Am Ende stand eine Art Formelkompromiss, der ein paar rechtliche Sicherungen in die neue Regelung einbaut, diese aber im Kern nicht verändert - wenn alles gut geht. Der sogenannte Rechtsstaatsmechanismus soll dafür sorgen, dass künftig EU-Gelder von den immer autokratischer agierenden Regierungen in Warschau und Budapest - oder auch anderen - nicht mehr missbraucht werden können.
Bisher war die EU quasi machtlos gegenüber solchen Praktiken. Kommissionschefin Ursula von der Leyen kündigte an, dass ihre Behörde Anfang 2021 damit beginnen wolle, Fälle von Verstößen zu sammeln. Sobald der europäische Gerichtshof seine Rechtsmeinung zu der neuen Regelung gegeben habe, würden sie abgearbeitet.
Nicht alles geschafft
Angela Merkel räumt auch ein, dass sie noch etwas Arbeit für die Portugal übrig gelassen habe, das im Januar die EU-Ratspräsidentschaft übernimmt. Sie hätte gern einen EU-China Gipfel in Deutschland abgehalten – aber daraus wurde nichts wegen Corona und der politischen Entwicklung.
Enttäuscht zeigte sich die Kanzlerin auch beim Thema Türkei: "Das hätten wir gern konstruktiver gesehen (…), aber wir reichen der Türkei weiter die Hand und wollen an einer konstruktiven Agenda arbeiten". So würden angesichts der fortgesetzten Bohrungen im östlichen Mittelmeer weitere Personen und Unternehmen auf die Sanktionslisten gesetzt.

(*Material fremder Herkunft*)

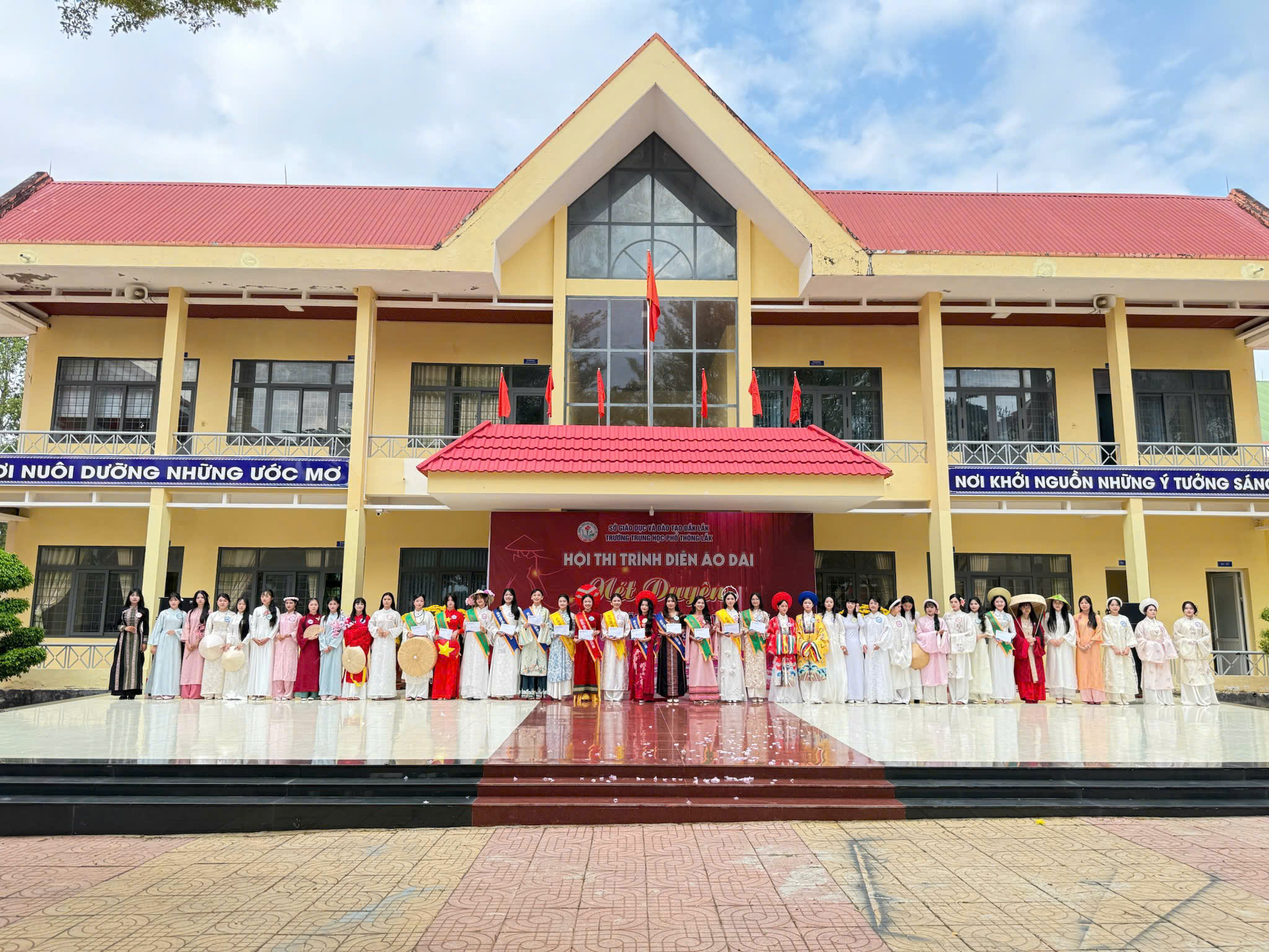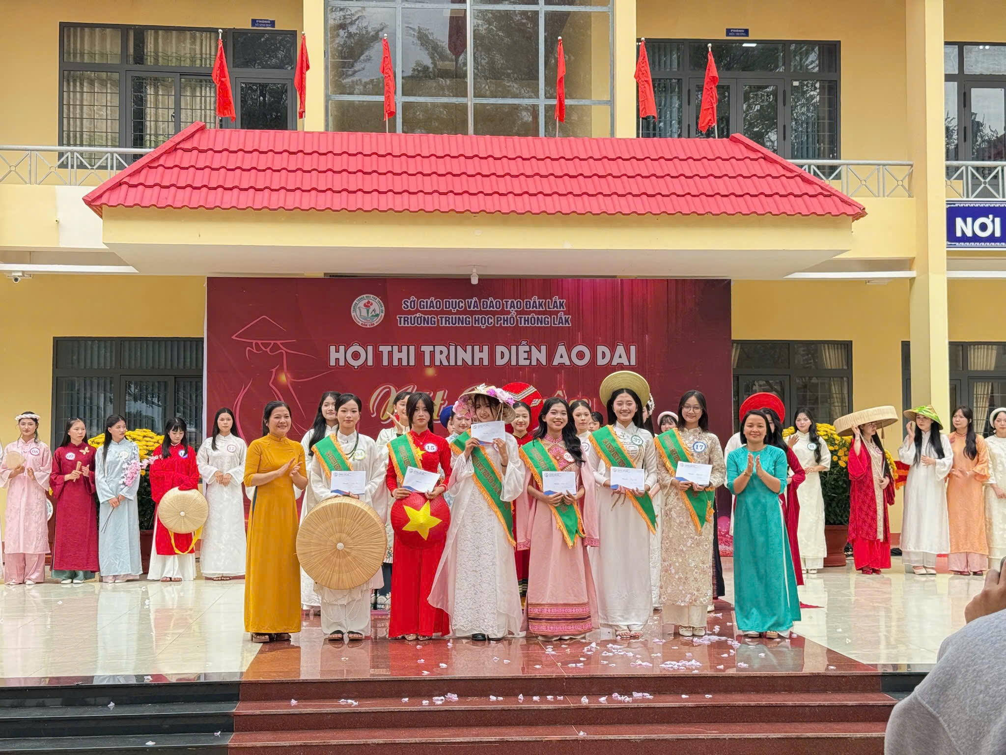 Dưới ánh nắng đầu tháng Ba, 41 thí sinh đến từ các khối 10, 11 và 12 đã tự tin sải bước, mang đến những phần trình diễn duyên dáng, thanh lịch và đậm đà bản sắc dân tộc. Tà áo dài thướt tha trong gió không chỉ tôn vinh vẻ đẹp truyền thống của người phụ nữ Việt Nam mà còn thể hiện sự tự tin, bản lĩnh và nét đẹp trí tuệ của nữ sinh THPT Lắk trong thời đại mới.

Insgesamt erklärte Angela Merkel zum Verhältnis mit der Türkei: "Wir haben uns mehr vorgenommen". Sie hat bislang versucht, das Verhältnis zu retten und den Forderungen von Griechenland oder Frankreich nach härteren Maßnahmen widerstanden. Das Thema Türkei kehrt auf die Agenda zurück: Im Frühjahr will sich die EU damit erneut befassen, und auch über die türkische Intervention in Libyen und den Konflikt um Berg-Karabach reden.
Am Ende lobten sich die Gipfelteilnehmer selbst. Der Belgier Charles Michel, ständiger Präsident des Rates, erging sich in einer "Hommage an Merkel, die all ihre Stärke, Kreativität und Führungskraft in den vergangenen Monaten bewiesen hat". "Ohne die stetige Führung (der Kanzlerin) wäre es nicht möglich gewesen" fügt EU-Kommissionschefin von der Leyen hinzu.